* Task statement:
As you write out the lines from the one containing "so that’s a" through the last line of the records, keep them exact and leave out pictures.

* Records from a data source:
····················

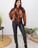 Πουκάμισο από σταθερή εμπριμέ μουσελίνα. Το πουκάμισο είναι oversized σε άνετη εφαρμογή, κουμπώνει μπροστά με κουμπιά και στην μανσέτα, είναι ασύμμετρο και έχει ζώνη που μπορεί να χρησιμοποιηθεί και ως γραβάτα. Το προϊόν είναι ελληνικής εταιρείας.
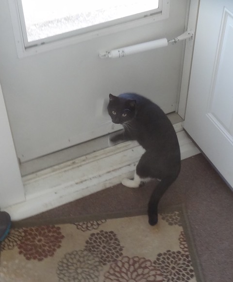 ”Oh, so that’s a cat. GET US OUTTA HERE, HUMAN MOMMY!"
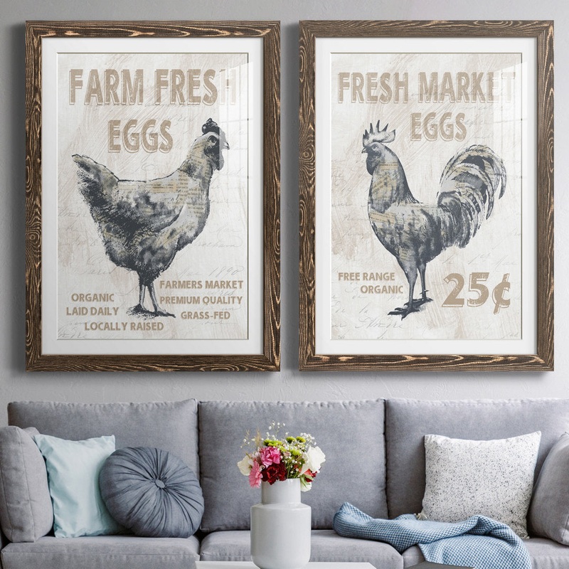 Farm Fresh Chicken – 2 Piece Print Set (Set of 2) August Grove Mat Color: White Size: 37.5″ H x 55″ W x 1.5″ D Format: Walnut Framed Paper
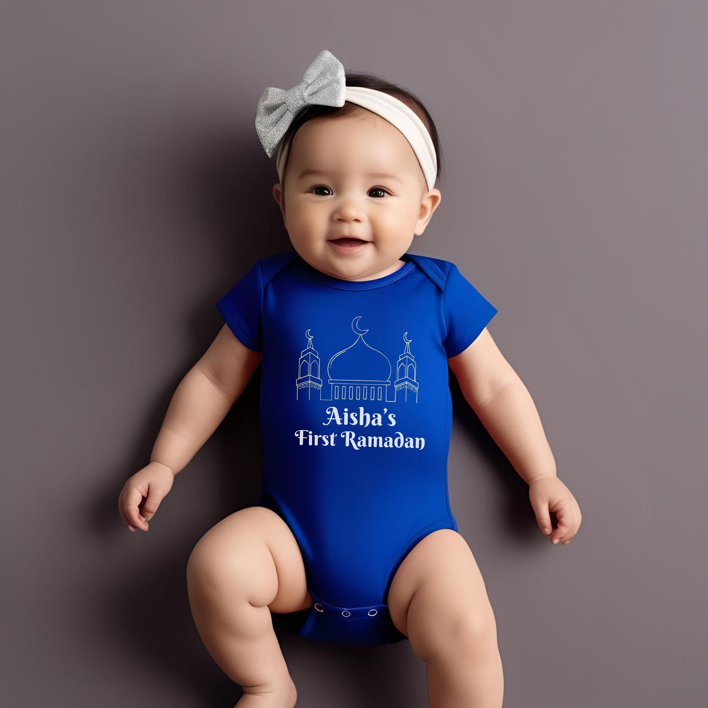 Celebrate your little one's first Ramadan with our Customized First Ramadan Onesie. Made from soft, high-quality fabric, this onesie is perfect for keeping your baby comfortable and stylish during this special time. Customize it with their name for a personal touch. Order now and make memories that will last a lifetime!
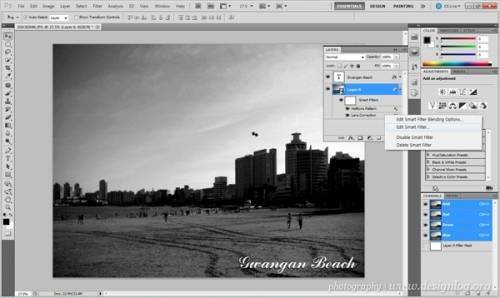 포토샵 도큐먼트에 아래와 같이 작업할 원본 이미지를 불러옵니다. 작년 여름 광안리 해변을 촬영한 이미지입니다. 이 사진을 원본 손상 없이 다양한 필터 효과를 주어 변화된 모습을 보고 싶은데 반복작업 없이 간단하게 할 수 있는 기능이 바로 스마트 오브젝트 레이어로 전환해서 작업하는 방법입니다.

····················

* Solution for this exercise:
 ”Oh, so that’s a cat. GET US OUTTA HERE, HUMAN MOMMY!"
 Farm Fresh Chicken – 2 Piece Print Set (Set of 2) August Grove Mat Color: White Size: 37.5″ H x 55″ W x 1.5″ D Format: Walnut Framed Paper
 Celebrate your little one's first Ramadan with our Customized First Ramadan Onesie. Made from soft, high-quality fabric, this onesie is perfect for keeping your baby comfortable and stylish during this special time. Customize it with their name for a personal touch. Order now and make memories that will last a lifetime!
 포토샵 도큐먼트에 아래와 같이 작업할 원본 이미지를 불러옵니다. 작년 여름 광안리 해변을 촬영한 이미지입니다. 이 사진을 원본 손상 없이 다양한 필터 효과를 주어 변화된 모습을 보고 싶은데 반복작업 없이 간단하게 할 수 있는 기능이 바로 스마트 오브젝트 레이어로 전환해서 작업하는 방법입니다.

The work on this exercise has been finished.